To set expectations, I recreated the quickstart using openai's agent sdk and the same model has no problems at all completing the "make a curl clone" prompt.
I guess the question is: how urgent is this problem?
@lapis narwhal suggested trying 32b but I haven't yet - did you try it by any chance?
Yeah I've mostly tried 32b with dagger, even more customized versions of it from huggingface
fwiw I used qwen 32b a lot on 17-llm.X with success on single-object, so it's still a tool calling complexity issue
hmm interesting
i'm trying to avoid the idea that smaller models will need us to maintain an entirely different scheme 
partly because if that is the answer, we'd really need to justify the existence of the more complex one (e.g. it makes it better at more sophisticated tasks, somehow larger models prefer the more sophisticated scheme, or the more sophisticated scheme saves you a ton in token cost). but maybe they're low ish maintenance once you figure it out
I even got 3b (three) to work with the openai agents sdk, but not consistently
like this part is interesting - it seems to think it called those tools, instead of just making them available
there might be a simple fix for that if so
right now selectTools just replies with "ok" lol
it could either:
- reply with "You now have the %s tool available."
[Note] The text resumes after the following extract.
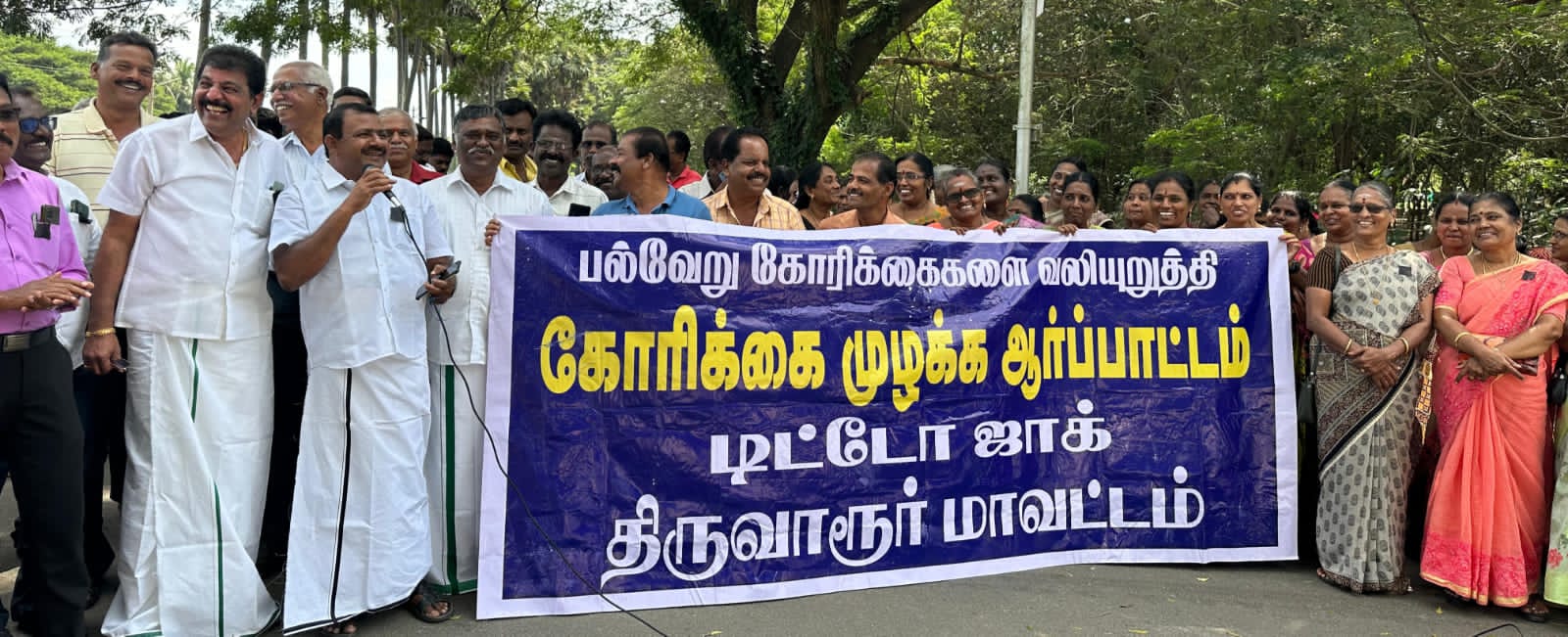 கடந்த 2023 ஆம் ஆண்டு உயர்மட்ட குழு உடன் நடத்திய பேச்சு வார்த்தையில் வாய்மொழியாக ஏற்றுக்கொண்ட 12 கோரிக்கைகள் தொடர்பான எழுத்துப்பூர்வமான ஆணைகளை வெளியிட வேண்டும் என்பன உள்ளிட்ட பல்வேறு கோரிக்கைகளை வலியுறுத்தி கண்டன. முழக்கங்கள் எழுப்பப்பட்டது

- reply with a list of tool schemas - which might double as a workaround for MCP clients that don't suppport the tools-changed notification (or it's racy etc)
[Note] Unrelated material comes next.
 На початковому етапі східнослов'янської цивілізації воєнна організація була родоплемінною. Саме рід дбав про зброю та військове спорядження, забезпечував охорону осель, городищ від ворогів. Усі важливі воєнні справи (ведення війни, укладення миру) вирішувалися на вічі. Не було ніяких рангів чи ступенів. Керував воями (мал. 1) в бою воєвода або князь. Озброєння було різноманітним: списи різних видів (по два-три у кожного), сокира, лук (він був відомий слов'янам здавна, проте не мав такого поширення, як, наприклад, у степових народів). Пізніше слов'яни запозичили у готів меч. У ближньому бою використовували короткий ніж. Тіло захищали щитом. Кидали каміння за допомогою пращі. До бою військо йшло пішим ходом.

maybe those will help - i'll try 2) first since the secondary effect would be neato (compatibility with more clients)
here's the current version of the prompt I was trying with qwen 32b and the exact quickstart we have today that uses container https://github.com/kpenfound/agents/blob/67d0f355e6191b0392ad98fcca8c83eae4b82c8b/quickstart/prompts/qwen2.5-coder.md?plain=1
and the models I've been trying
hf.co/unsloth/Qwen2.5-Coder-32B-Instruct-128K-GGUF:Q4_K_M
hf.co/unsloth/Qwen2.5-Coder-32B-Instruct-128K-GGUF:Q8_0
qwen2.5-coder:32b
qwen2.5-coder:14b
if you push something like this i'll rebuild and try it
here's the openai version btw https://gist.github.com/kpenfound/c0227e0e308ed3161fcde27e3f289d60
lmk how it goes
...gotta make a zed extension first lol
you shouldn't need to, the mcp configs are hackable
couldn't find it in their docs
{
"context_servers": {
"dagger": {
"command": {
"path": "dagger",
"args": ["mcp", "-m", "~/src/dagger"],
"env": {
"ANTHROPIC_API_KEY": "REDACTED",
"NO_COLOR": "true"
}
},
"settings": {}
},
in your zed config
ah cool - i just told an agent to do it for me and let it rip, since we might want it eventually lol
if it gets stuck ill give that a go instead
Yooooo that did it ๐ https://v3.dagger.cloud/kpenfound/traces/ea99e098ec75c34ca93ade59e1990aeb
This was qwen2.5-coder:14b. It got confused with immutable objects at first but then it got there
HOT DAMN!
Watch full episodes of Brooklyn Nine-Nine on Google Play: http://bit.ly/1qSidLc
Watch full episodes of Brooklyn Nine-Nine on Itunes: http://apple.co/2gsqIjI
Keep up to date with the Nine-Nine and Subscribe: http://bit.ly/2y90XNd
Welcome to the OFFICIAL Brooklyn Nine-Nine YouTube channel. Here you'll find the best moments from Jake, ...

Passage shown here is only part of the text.